Prefeitos do mundo todo já se debruçaram sobre a dificuldade de estabelecer uma convivência harmônica entre os caminham, os que pedalam, os que dirigem e os que usam transporte público. Com maior ou menor grau de sucesso, muitos recorreram à implantação de ciclovias como parte da solução. O que ficou demonstrado é que a empatia geral em relação às pelas bicicletas não se converte instantaneamente em adesão ao transporte sobre duas rodas. Em outras palavras, embora todo mundo ache uma boa ideia, poucos são os que de fato pedalam.

No levantamento do Datafolha divulgado no final de setembro, apenas 3% dos paulistanos se disseram adeptos frequentes dessa prática, que ainda é novidade por aqui. Mas tempo não é sinônimo de sucesso. Em Londres, que investiu em ciclovias no início dos anos 2000, apenas 2,5% da população usa bicicletas para ir ao trabalho. O número contrasta –e muito– com o das metrópoles mais bem sucedidas neste quesito. Em Amsterdã, 57% dos moradores pedalam diariamente e em Copenhague, 52% fazem o mesmo. Por que será então que em algumas cidades as ciclovias vivem lotadas e em outras, vazias?

A primeira explicação é a segurança dessas faixas. Quando as pistas são bem projetadas, com ao menos 1,5 metro de largura e mais meio metro reservado apenas para isolar as bikes dos carros, elas se tornam mais procuradas por quem se sente vulnerável ao pedalar: mulheres e pessoas acima dos 60 anos. Sem essas condições, os que se arriscam nas bicicletas são na maioria homens entre 25 e 40 anos, mais dispostos a enfrentar o perigo de transitar entre carros, ônibus e motos. E, mesmo que haja uma separação entre a ciclovia e a faixa dos carros, de nada adianta se a pista for expressa, de alta velocidade, o que também vale para corredores de ônibus (já falamos sobre isso aqui). Pouco atraente ainda é a criação de ciclopassarelas, trechos elevados e, portanto, mais ermos, que podem ser usados estrategicamente para roubos e furtos de ciclistas.

Outro ponto que pode gerar maior ou menor adesão é a legislação de trânsito. Tanto na Holanda quanto na Dinamarca essas leis protegem os ciclistas e, em caso de acidente, os motoristas são responsabilizados com punições severas. Isso faz com que se dirija com mais cuidado e respeito às bicicletas. O cuidado vale também na mão inversa: é preciso fazer com que ciclistas respeitem semáforos, faixas de pedestres e o sentido das pistas, não transitem nas calçadas e se façam notar com faróis, luzes traseiras e roupas chamativas.

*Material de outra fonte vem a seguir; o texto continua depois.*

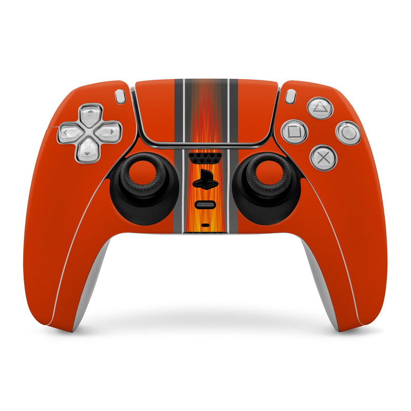 iStyles PlayStation 5 Controller Skin design of Orange, Red, Line, Material property, Rectangle, Automotive lighting, with red, black, orange, gray colors, and tagged with flames.
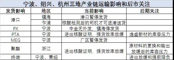 浙江防控升級(jí)的地區(qū)多為化工集中區(qū)域,匯集紡織原料生產(chǎn)、下游聚酯消費(fèi)、包括芳烴產(chǎn)業(yè)、聚烯烴產(chǎn)業(yè)、還有?;飞a(chǎn)等。其中,鎮(zhèn)海地區(qū)作為國(guó)內(nèi)重要的石化基地,其管控升級(jí)對(duì)部分化工品的影響巨大。
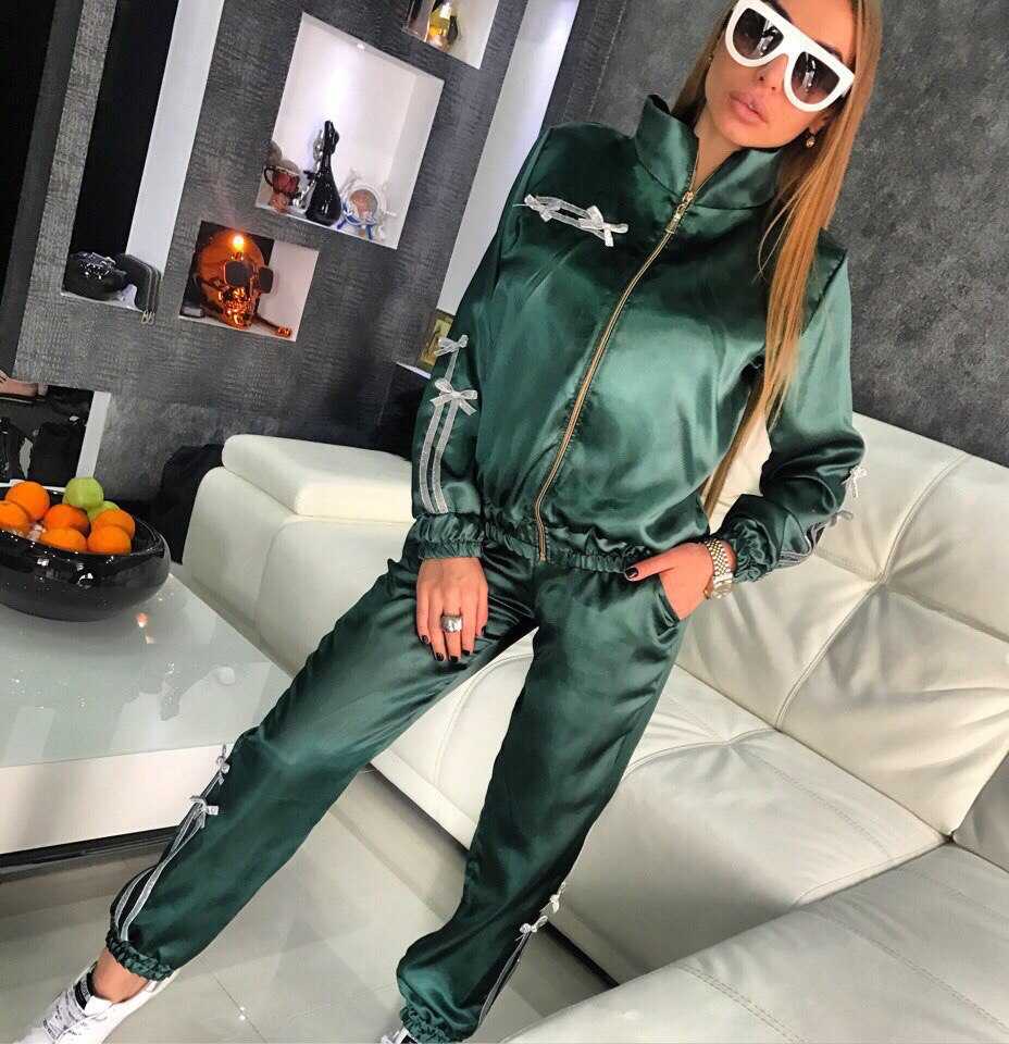 Зачастую подобными принтами украшают только верхнюю часть модного женского спортивного костюма 2019 года (футболку или толстовку), однако нередко используются интересные идеи оформления и на брюках.
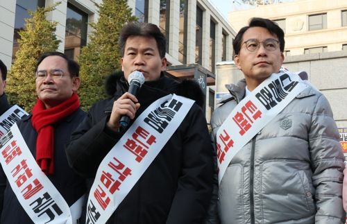 전 한국사 강사 전한길씨(가운데)가 지난 3월 14일 서울 종로구 헌법재판소 앞에서 열린 국민의힘 기독인회 ‘탄핵 각하 길’ 걷기 기자회견에서 발언하고 있다. [사진 출처 = 연합뉴스] |
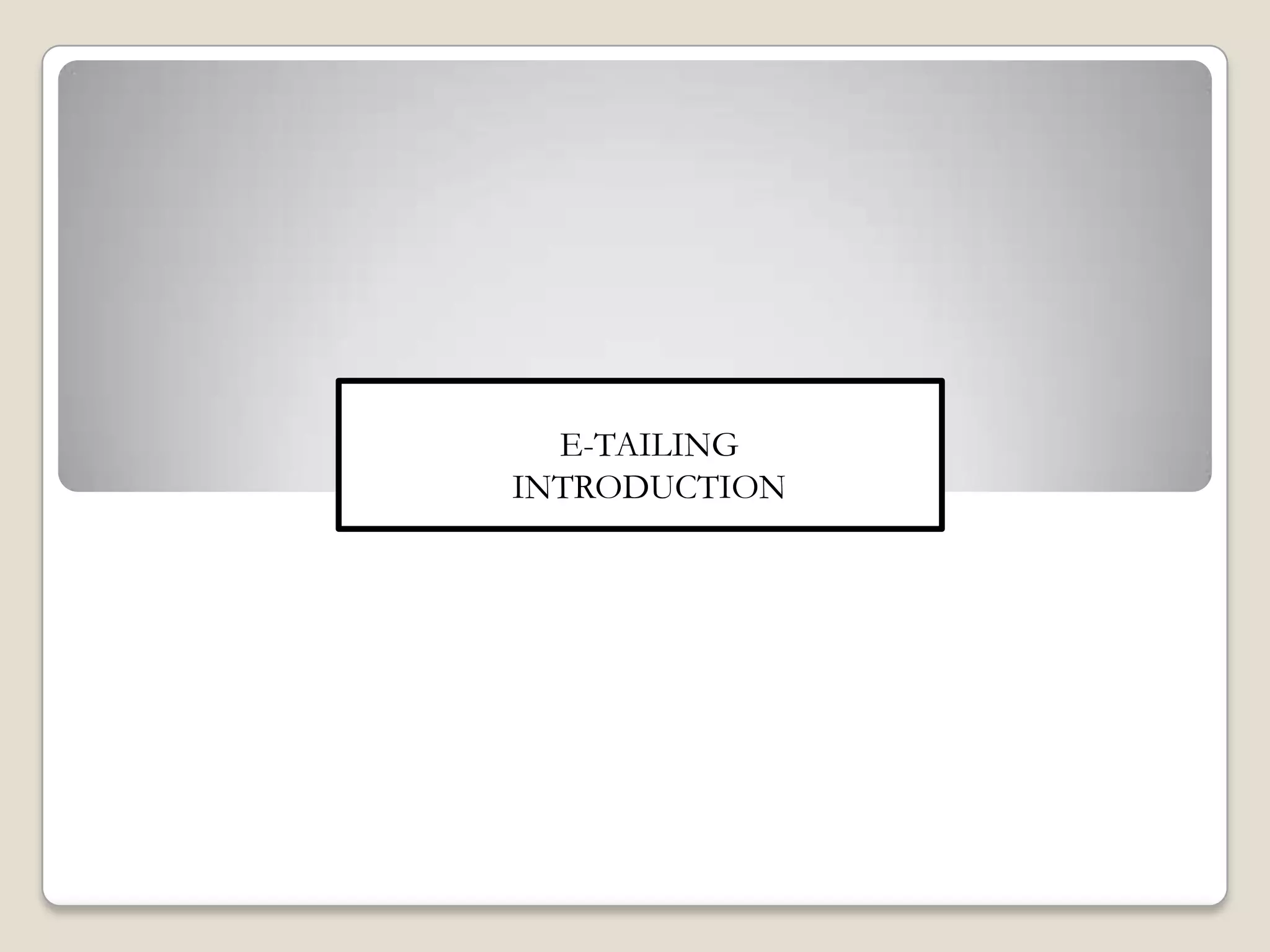 E-tailing refers to the selling of retail goods online. It allows companies to sell products to customers virtually without needing a physical storefront. E-tailing has grown significantly in recent years and enabled the development of software tools to help companies create online catalogs and manage the online sales process. Some benefits of e-tailing include reducing business costs and space needs while increasing accessibility of products to customers. However, e-tailing also lacks some of the experiential and sensory aspects of in-person shopping.

Por fim, se forem ofertados meios de transporte mais confortáveis e rápidos do que as bikes, a população certamente tenderá a escolhê-los. Isso vale tanto para os carros vendidos com isenção de IPI quanto para as amplas malhas de trilhos. Nesses casos, as ciclovias só serão requisitadas nos bairros mais pobres, desprovidos transporte público e onde a maioria dos moradores não tem carro.

Em resumo, segundo especialistas, para se optar pelos pedais é preciso que as outras opções sejam caras demais ou muito inconvenientes. A não ser…

A não ser que, a exemplo do que já ocorreu em outros locais, pedalar se torne uma questão cultural, uma bandeira a ser defendida. E isso os ciclo ativistas sabem fazer muito bem. Talvez a aposta do projeto paulistano resida nisso: apresentar as ciclovias como uma “proposta do bem”, que possa ser encampada pela população ainda que mais por ideologia do que por razões práticas. Em todo o caso, para sucesso da empreitada e segurança geral, seria bom que em São Paulo fossem considerados também os demais pontos envolvidos na criação e adesão às ciclovias.